The mission in Libya went well, with a dictator being removed from power and the country being handed back to the people with elections being arranged and their representatives being chosen. However, the aftermath of the operation was a disaster and what should have been considered (what the country would look like after, how can NATO or the UN better assist in bringing that about) was not. Now, the country is engaged in a civil war and, as Bacevich notes, “for the indefinite future,”. Judging the mission by the standards Obama mentioned (“to save the lives of peaceful, pro-democracy protestors who found themselves the target of a crackdown by Libyan dictator Moammar Gadhafi”), then I feel that Obama was successful in saving the lives of those he mentioned, however, he failed in bringing about or assisting to bring about the democracy those whose lives U.S. intervention saved had desired.

From a Canadian standpoint, the primary goal of the operation was not to bring about peace towards a nation in need nor take part in an operation to depose a dictator, but rather “to carry favor with the Americans and to enhance Canada’s “influence” in NATO” as so expertly explained in Craig Martin’s piece for HuffPost. While surely Canada did desire to take part in a military operation that, ideally, would have produced profitable results for the North African country, it seems that the country’s only true goal in taking part in this operation was to better improve their relationships with international institutions and their allies abroad. Considering the fact that the Canadian military sacrificed few personnel, equipment, and sea/air/landcraft in the operation overall, this endeavor probably did work out for the best for the Canadian government and military. However, had the operation in Libya become a fiasco like what was seen in Iraq, then the Canadians would be hard pressed to try and extricate themselves from the conflict. 

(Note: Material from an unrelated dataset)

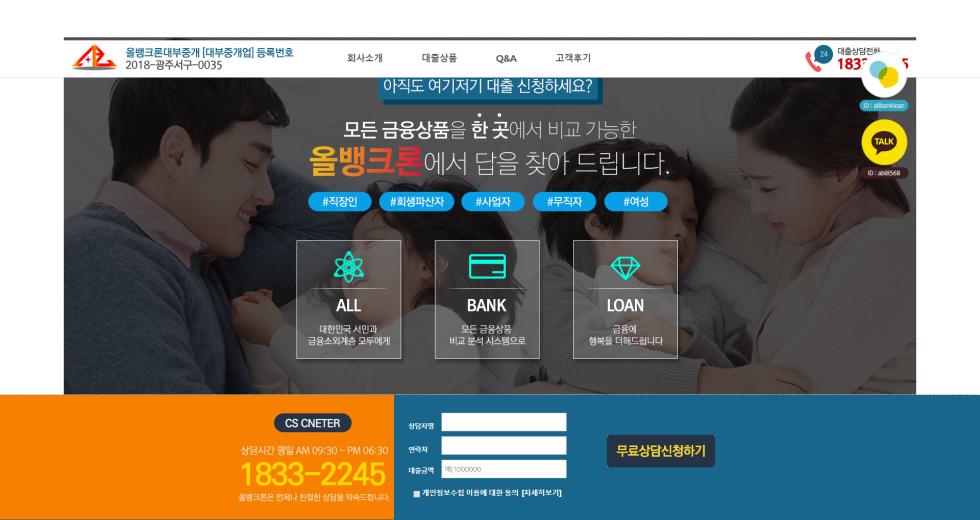 본 사이트의 컨텐츠는 무단으로 복사·게재·배포 등을 금합니다. 상세내용 게시글 본문 일반기업 올뱅크론 제작기간 2018.08 홈페이지 주소 http://allbankloan.co.kr 홈페이지 타입 Website(웹사이트)-반응형 올뱅크론 디자인으로 견적상담 받기 🎁무료혜택 확인하기! 25가지 다양한 무료혜택을 확인해 보세요. 검색목록 목록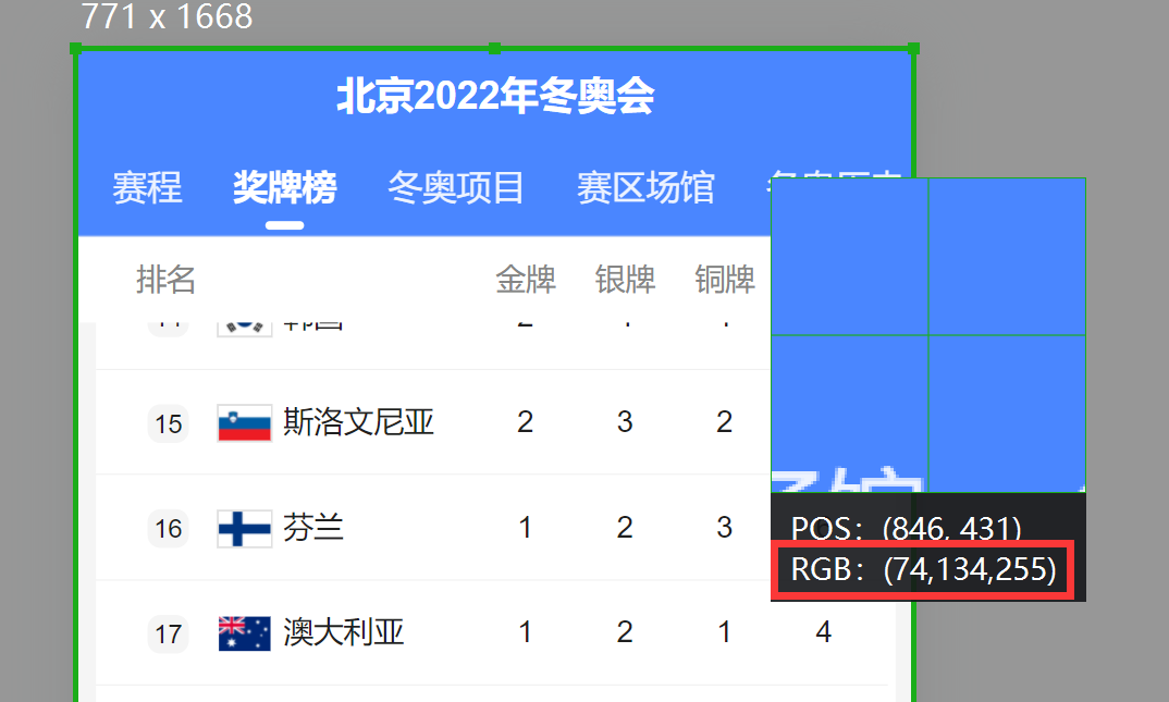 这里的RGB就是鼠标指向的颜色数值了,冬奥会奖牌可视化中的颜色并不多。

Simply stated, the global community after the toppling should have invested time in nation-building. However, politically in the United States, it would have killed Obama’s chances at re-election probably. In a Canadian public opinion poll, 41% thought the West was right to take part in Libya while 33% believed the mission was wrong, with 25% being unsure. Becoming involved in such a large-scale, nation-building operation with military advisors on the ground would have resulted in fearful comparisons to both Vietnam and the beginning of the Iraq War. The Iraq War too was not even concluded yet (it would officially end in December of 2011) and many of those running on the Republican side would have used that action to criticize him going into the election. 

Despite the political costs, an intervention plan could have worked. However, it would need to be constructed effectively and be extremely well-planned, with all sides and differing viewpoints considered and listened to and a clear exit strategy when it would be apparent that things either were not working as well as intended or were otherwise going to be costly. It would need to be built upon the successes of previous COIN operations, like how the Peruvian government dealt with Abimael Guzmán’s Shining Path movement in 1992 or how the British intervened in Sierra Leone from the 1990’s to 2000.

Unlike other nations and institutions at the time, though, the Canadian military seemed proactive in recognizing that a more effective nation-building technique was required for Libya. In an article for the Canadian newspaper the Ottawa Citizen, “Canadian military intelligence officers predicted in 2011 that Libya could descend into a lengthy civil war if foreign countries provided assistance to rebels opposing the country’s dictator Muammar Gaddafi”. 

Perhaps had the Canadian government been more involved in the overall planning phase instead of being relegated to the sidelines, the countries and international institutions involved may have become more recognizant of the necessary steps needed to put in place a functioning and democratically recognized government instead of having the country devolve into a civil war.